The multivariable technique is currently used in the FDA-cleared OVA1® qualitative serum test, in which the serum levels of five proteins [prealbumin (also called transthyretin), apolipoprotein A-1, β2 microglobulin, transferrin, and CA 125 II] [8992] are determined by five immunoassays. The OVA1® score in combination with the menopausal status of the woman, is used to determine whether a woman with an adnexal mass has a low or high probability of malignancy. The OVA1® test “is not intended as a screening or stand-alone diagnostic assay” [93].
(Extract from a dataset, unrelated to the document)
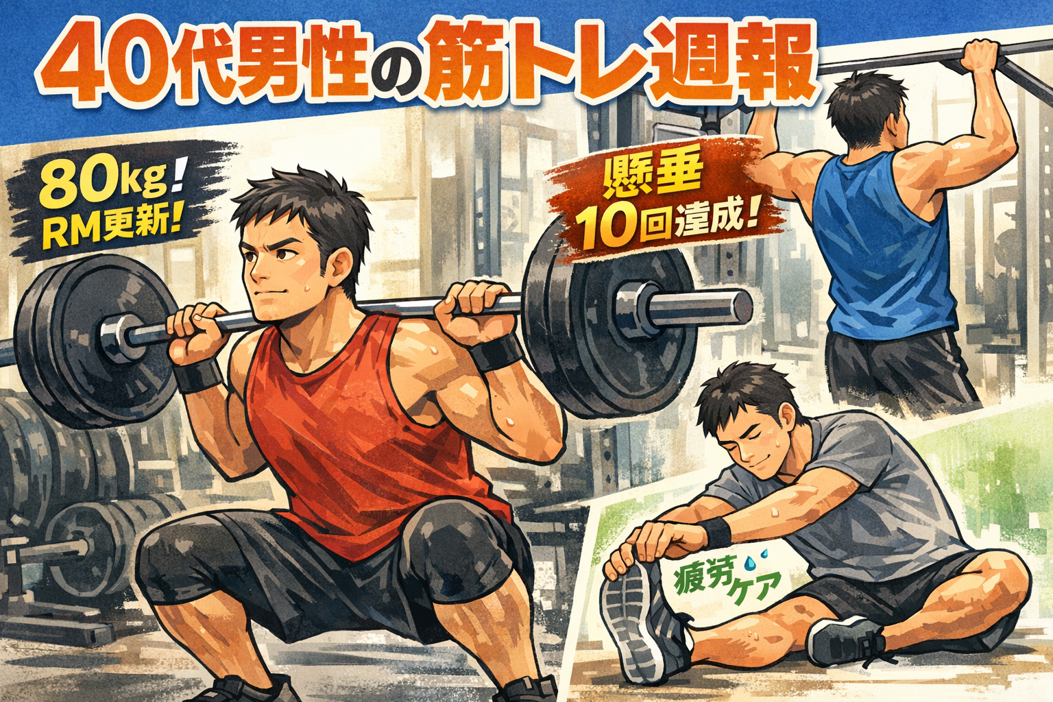 40代男性の筋トレ週報|脚トレでRM更新・懸垂10回達成と疲労管理の重要性を実感した一週間

Yurkovetsky et al. [94] used a Metropolis algorithm with Monte Carlo simulation to analyze 96 serum biomarkers on the multiplex xMAP bead-based immunoassays (Luminex). They were able to identify an optimal biomarker panel comprised of four biomarkers (CA-125, HE4, CEA, and VCAM-1) that discriminated early stage ovarian cancer from healthy controls, with a specificity of 98% and a sensitivity of 86%. As mentioned above, this level of specificity is still not sufficient to screen the general population.

The reproducibility of the PEA technology used in the Proseek® plates has been documented by the manufacturer (http://www.olink.com) and others [2224] in which technical replicates were used to evaluate intra-assay and inter-assay variation. These reports successively incorporated technical improvements to the assay technology which have increased its reproducibility. Using the same assay protocol that was used for our experiments, Assarsson et al. [22] measured the levels of 92 cancer biomarkers with an average inter-assay coefficient of variation (CV) of 12%. Using the precision statistics available from the Olink website, the average CV for the 12 proteins that comprise our multi-protein classifier ranged from 13 to 22% (average CV of 18.9%). This is similar to values obtained using bead-based assays of inflammatory markers [21] and in bead- or plate-based assays of ovarian cancer biomarkers, in which the CV ranged from 12 to 25% [95].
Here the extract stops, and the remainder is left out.